We walked back over to the table and I noticed Travis speaking to Rachel in harsh whispers. As we sat down, Rachel announced awkwardly that Travis and she were leaving.

“Aw man, why what’s up?” Bryan asked, with genuine concern etched onto his face.

“I’m just not feeling super well,” Rachel replied, trying to be as convincing as possible and failing miserably.

“It’s because I’m here, right Travis?” I offered coolly as I took a small sip of my beer, rage laced into my words.

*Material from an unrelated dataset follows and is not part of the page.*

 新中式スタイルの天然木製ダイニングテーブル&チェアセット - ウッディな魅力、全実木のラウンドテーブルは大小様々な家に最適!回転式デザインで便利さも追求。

“Whatever man, let’s go.” Travis spit the words out as he grabbed Rachel’s hand and forced her out of her seat, embarrassment evident on Rachel’s face as she retracted into herself and offered a quiet I’m sorry to Jenna. The way she hunched her shoulders and looked down at the ground sent a stab to my gut as all I could see was an exact replica of my mother. My rage took over and exploded from inside me as I stood up and began lashing out harsh and giant words at Travis, things before I would only have ever wrote in my notebook. Jenna tried to stop me by telling me to calm down and let it go, which only fueled my spite more and made me fling even more giant words at Travis like daggers, who was now beat red in the face and looked like smoke was about to start rising from his ears.

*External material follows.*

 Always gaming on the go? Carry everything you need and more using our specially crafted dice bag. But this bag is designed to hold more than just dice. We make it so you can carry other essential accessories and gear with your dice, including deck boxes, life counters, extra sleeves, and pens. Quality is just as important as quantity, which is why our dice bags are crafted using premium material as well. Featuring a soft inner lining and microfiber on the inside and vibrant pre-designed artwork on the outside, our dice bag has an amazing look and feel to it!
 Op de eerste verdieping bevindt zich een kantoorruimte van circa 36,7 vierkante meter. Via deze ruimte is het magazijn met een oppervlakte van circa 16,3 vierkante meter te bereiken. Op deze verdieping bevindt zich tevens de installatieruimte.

Suddenly, in the mist of my rant about being a racist pig along with other ugly and giant words, Travis’ fist collided with my cheek bone with a blow that sent me flying into another table. He continued to get on top of me, his weight feeling like a large sack of bricks, as his fists came at me with an intensity and speed I couldn’t even keep up with as he screamed profanities that I couldn’t even make out. My head began to become cloudy and vision blurry as Travis was finally ripped off me, the smoke filled air being welcomed compared to his lung crushing weight and blows. I felt warm sticky blood trickle out of my nose and mouth and run down my face, and I couldn’t see out of my left eye. Jenna and Rachel were yelling something at each other while Travis was being forced out of the club by guys with shirts that had “Security” printed on them in bright yellow. The world began to fade in and out and my vision and hearing continued to blur until the world was finally a welcomed dark and silent void.

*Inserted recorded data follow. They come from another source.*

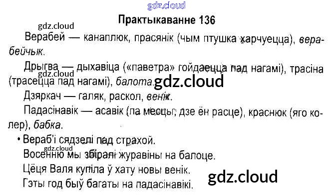 Ответ на задание 136 Учебник Белорусский язык за 5 (пятый) класс Красней, Несцяровіч, Васюковіч, Лаурель 2014 Часть 1, 2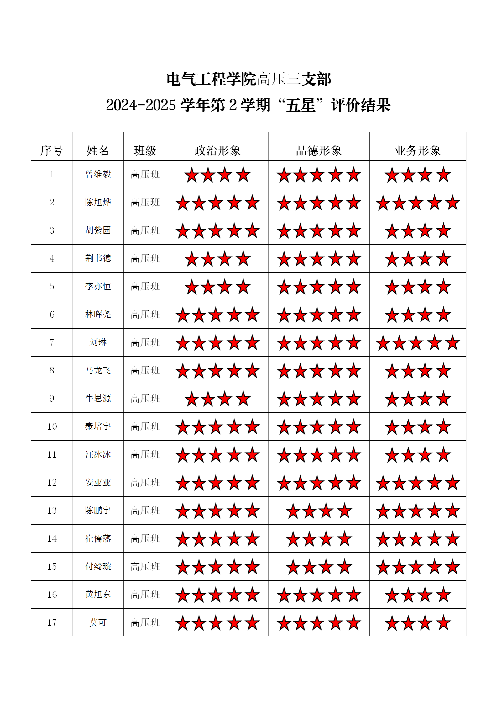 电气工程学院高压四支部 2024-2025学年第二学期“五星”评价结果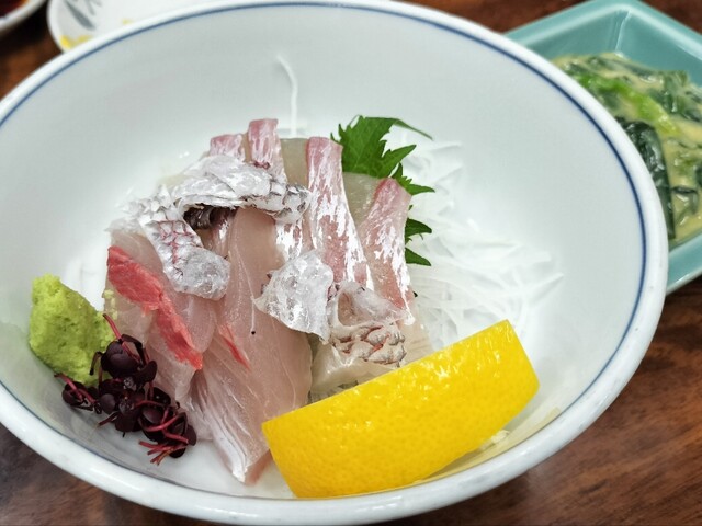 鯛とカンパチ(食べかけ、申し訳ない)。一膳飯屋のレベルではない。うめー。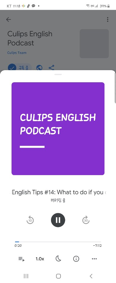 : Drill을 누르면, 영어/한글 자막없이 소리에 집중할 수 있다.

I woke up to the rhythmic beeping of monitors, bright white artificial lights that made my one eye that could open sting, and the smell of bleach and Clorox. Jenna and Bryan were sitting next to me with worry painted on their faces. When I finally got my senses back to an acceptable level, they asked me if I was okay. They explained that Travis had broken my cheek bone, nose, and eye socket, which explained the lack of sight. My nose had already been set back in place but my cheek bone and eye socket would have to be evaluated once the swelling went down.

“Are you crazy though?? Travis could have killed you man. All cause you wanted to be some tough guy and talk shit.” Jenna’s words struck me hard as tears began to form in my good eye.

“I was trying to stick up for myself,” I argued back. “No one else would have so I called him out.” Despite having a broken face, I was trying hard to find a small sense of pride in using giant words to defend myself.

“Stick up for yourself? Travis was leaving. You didn’t have to say anything in order to be right. Him leaving was reason enough to know he’s a racist bastard. But saying all that stuff just took it to a whole other place,” Bryan explained in an understanding yet firm tone. It reminded me of my father and the pang of homesickness returned again, this time in the form of sadness and regret as I realized what I was trying to avoid all along actually held a hint of truth, that just because we have giant words doesn’t mean we have to use them. My mother had been right in what I thought were her boring and traditional teachings. Even though giant words can be helpful and are sometimes needed, sometimes small words or silence all together was an even more powerful weapon.

“You’re right guys, I’m sorry,” I choked out past the lump that had formed in my throat as I began to reminisce on my family and childhood.